(Dataset records)
=== Begin Enclosure ===

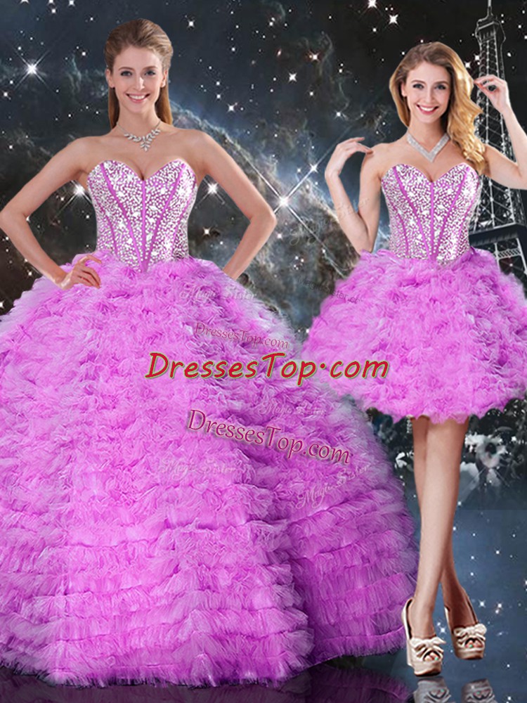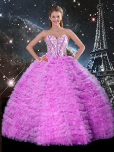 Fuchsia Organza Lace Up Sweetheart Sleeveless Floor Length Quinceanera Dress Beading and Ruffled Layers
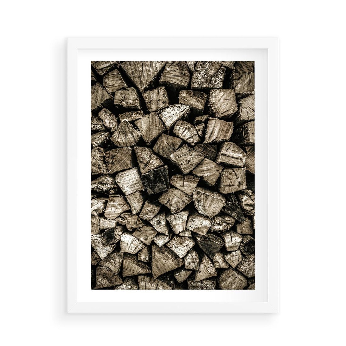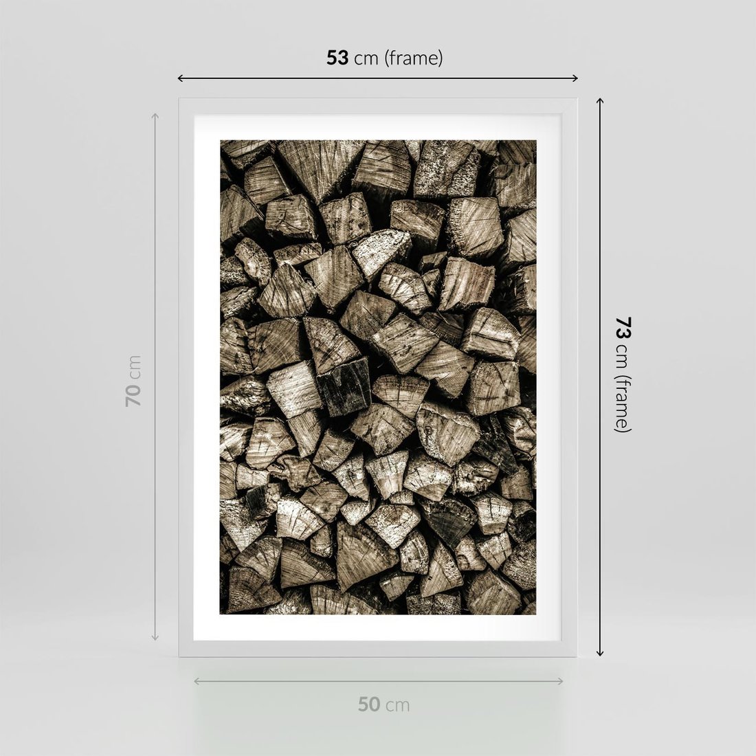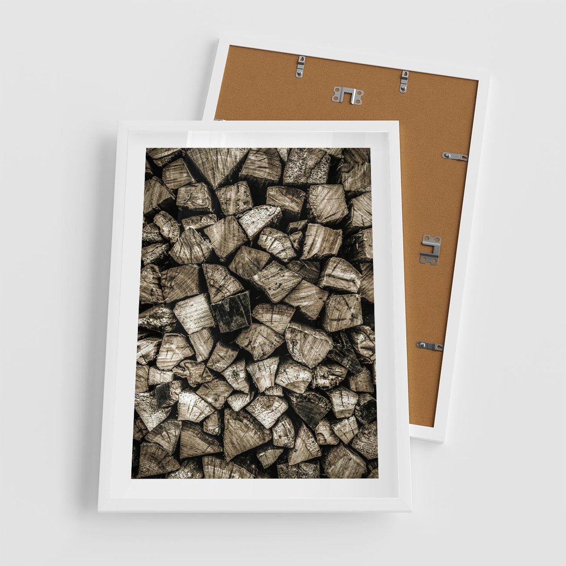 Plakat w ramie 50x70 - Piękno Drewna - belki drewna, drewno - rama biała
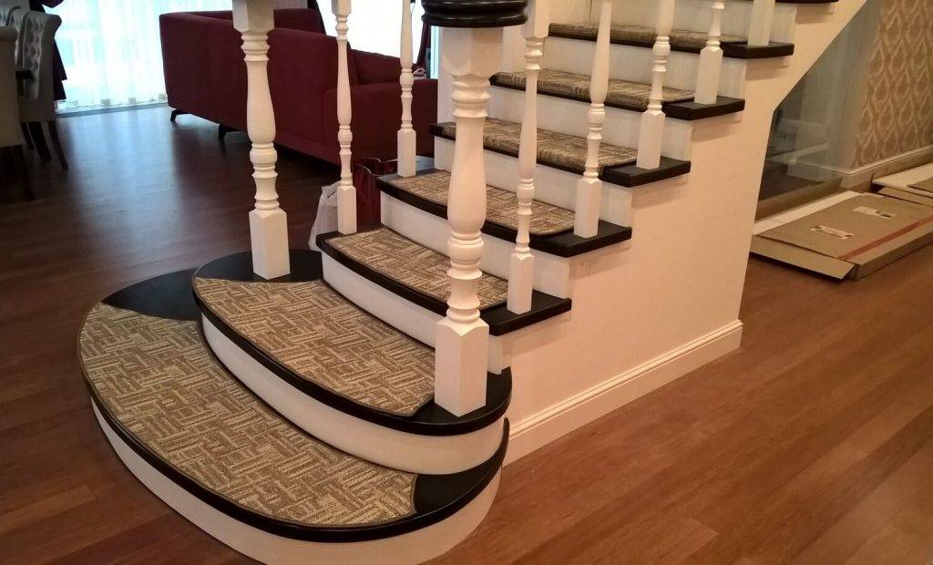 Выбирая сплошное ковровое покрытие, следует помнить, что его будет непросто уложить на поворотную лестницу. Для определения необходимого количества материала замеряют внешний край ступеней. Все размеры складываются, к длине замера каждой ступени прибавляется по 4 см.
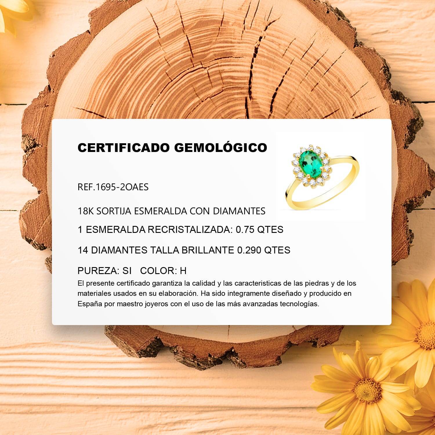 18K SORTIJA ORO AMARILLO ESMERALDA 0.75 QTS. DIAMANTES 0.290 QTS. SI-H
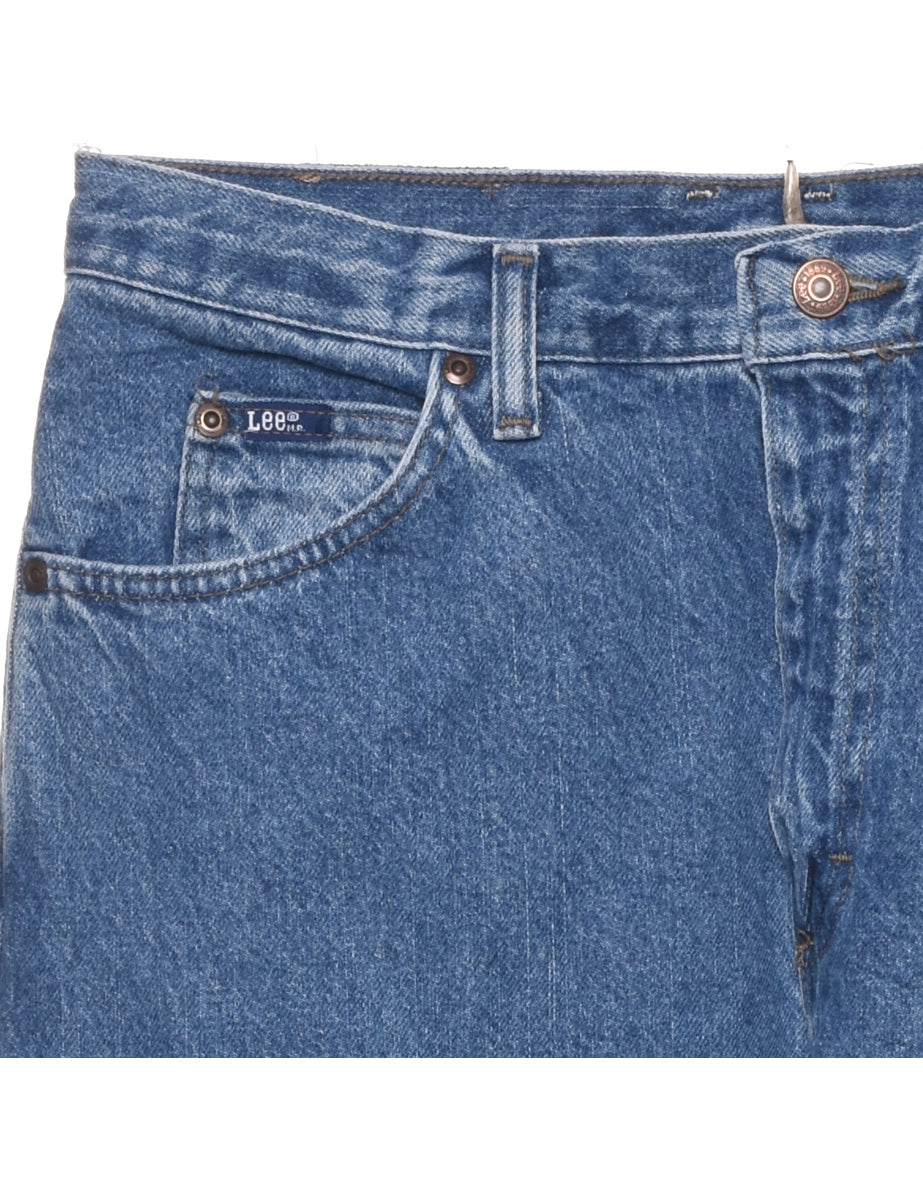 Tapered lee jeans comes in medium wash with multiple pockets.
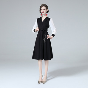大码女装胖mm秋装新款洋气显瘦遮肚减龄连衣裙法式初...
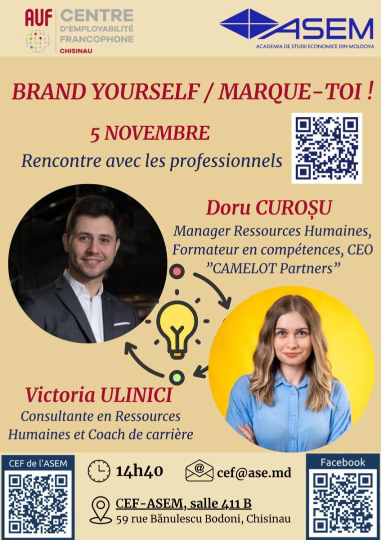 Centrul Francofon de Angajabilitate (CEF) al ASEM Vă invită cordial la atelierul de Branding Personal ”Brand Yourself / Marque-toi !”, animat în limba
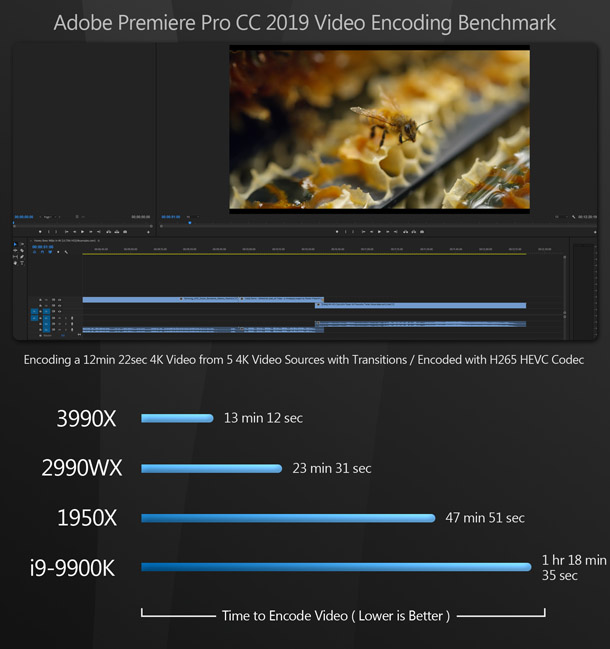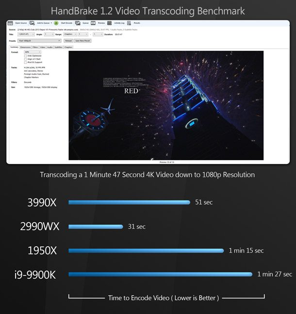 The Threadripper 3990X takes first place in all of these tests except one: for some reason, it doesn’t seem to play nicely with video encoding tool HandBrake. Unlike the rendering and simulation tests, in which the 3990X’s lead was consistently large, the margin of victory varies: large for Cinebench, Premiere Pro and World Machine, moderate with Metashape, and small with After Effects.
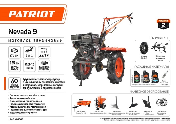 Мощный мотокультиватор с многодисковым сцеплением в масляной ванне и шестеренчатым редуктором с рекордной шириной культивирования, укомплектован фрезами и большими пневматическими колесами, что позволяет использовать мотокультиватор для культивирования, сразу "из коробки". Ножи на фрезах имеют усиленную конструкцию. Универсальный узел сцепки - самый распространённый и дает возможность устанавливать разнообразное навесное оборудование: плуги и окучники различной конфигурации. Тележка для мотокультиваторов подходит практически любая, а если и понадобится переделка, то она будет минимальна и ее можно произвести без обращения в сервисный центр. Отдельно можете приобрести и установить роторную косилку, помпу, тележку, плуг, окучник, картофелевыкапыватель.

=== End Enclosure ===

## What the task asks
Although the records hold pictures, return only what remains, word for word.

## Task answer
 Fuchsia Organza Lace Up Sweetheart Sleeveless Floor Length Quinceanera Dress Beading and Ruffled Layers
 Plakat w ramie 50x70 - Piękno Drewna - belki drewna, drewno - rama biała
 Выбирая сплошное ковровое покрытие, следует помнить, что его будет непросто уложить на поворотную лестницу. Для определения необходимого количества материала замеряют внешний край ступеней. Все размеры складываются, к длине замера каждой ступени прибавляется по 4 см.
 18K SORTIJA ORO AMARILLO ESMERALDA 0.75 QTS. DIAMANTES 0.290 QTS. SI-H
 Tapered lee jeans comes in medium wash with multiple pockets.
大码女装胖mm秋装新款洋气显瘦遮肚减龄连衣裙法式初...
 Centrul Francofon de Angajabilitate (CEF) al ASEM Vă invită cordial la atelierul de Branding Personal ”Brand Yourself / Marque-toi !”, animat în limba
 The Threadripper 3990X takes first place in all of these tests except one: for some reason, it doesn’t seem to play nicely with video encoding tool HandBrake. Unlike the rendering and simulation tests, in which the 3990X’s lead was consistently large, the margin of victory varies: large for Cinebench, Premiere Pro and World Machine, moderate with Metashape, and small with After Effects.
 Мощный мотокультиватор с многодисковым сцеплением в масляной ванне и шестеренчатым редуктором с рекордной шириной культивирования, укомплектован фрезами и большими пневматическими колесами, что позволяет использовать мотокультиватор для культивирования, сразу "из коробки". Ножи на фрезах имеют усиленную конструкцию. Универсальный узел сцепки - самый распространённый и дает возможность устанавливать разнообразное навесное оборудование: плуги и окучники различной конфигурации. Тележка для мотокультиваторов подходит практически любая, а если и понадобится переделка, то она будет минимальна и ее можно произвести без обращения в сервисный центр. Отдельно можете приобрести и установить роторную косилку, помпу, тележку, плуг, окучник, картофелевыкапыватель.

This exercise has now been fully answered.